Column mapping not working

Ensure column names match exactly (they are case-sensitive). If auto-detection is not working, use "Configure Column Mapping" to manually select the correct columns from the dropdowns. The system recognizes common synonyms, but custom column names need manual mapping.

Pairwise diff shows "CACHE_MISS"

This means bootstrap replicates were not cached during evaluation. Re-run the leaderboard evaluation. Check that both policies have valid CI (ci_status == "ok"). If one policy has skipped gates, pairwise comparisons will not work.

Files not uploading

Check that:

  • File format is CSV or Parquet only
  • File size is not too large for your system
  • Try a different browser or clear cache if uploads hang

Best Practices

  • Always use true propensities when available. Estimated propensities may introduce additional uncertainty. If your logging system tracks exposure probabilities, include them in your logs file.
  • Start with default thresholds (20% overlap, 1000 ESS, 0.5% min uplift) as they are calibrated for typical recommendation systems. Only adjust them if you have strong reasons based on your specific context.
  • Check Gate & Diagnostics first before diving into detailed tabs. Understanding which gates passed and which failed guides where to focus your attention.
  • Review the Passport even if the decision seems clear. Passport contains critical context that future you (or your teammates) will appreciate when documenting what was checked and why a decision was made.
  • Run stress tests before shipping. Even if your policy passes all gates and shows good uplift, stress tests reveal fragility. A policy that breaks under inventory constraints might fail in production during high-demand periods.
  • Use the leaderboard for exploration when you have multiple candidates, and compare them all, as sometimes the third-ranked policy has better robustness characteristics or interpretability, making it a safer choice than the narrow winner.
  • Save Run IDs and Config Hashes for reproducibility.
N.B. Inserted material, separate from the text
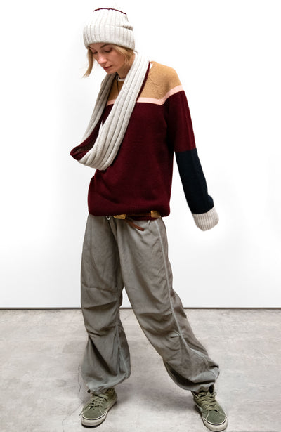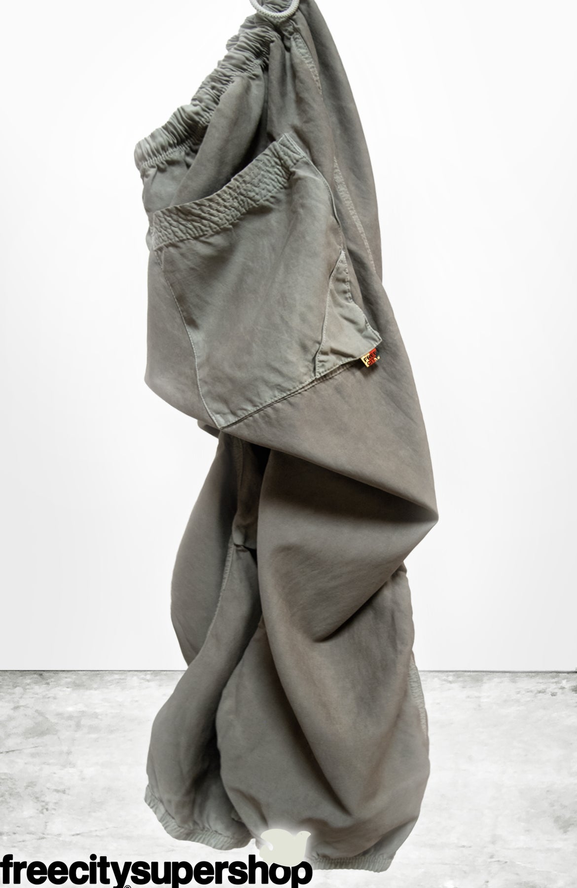 Unisex MATTE/SATIN LOOSE DRAWCORD BIGGY in mud powder with custom sunfade wash (highs and lows) custom 3d back-pocket, knee pleats, loose elastic bottom, and covered elastic waist with pull draw-cord.

If someone questions your decision six months later, you can recreate the exact evaluation that informed your choice.
  • When using the leaderboard, make sure all candidate files use the same structure and represent comparable policies (same feature set, same user population). Do not compare policies trained on different user populations using the same logs, as the overlap will be poor and results misleading.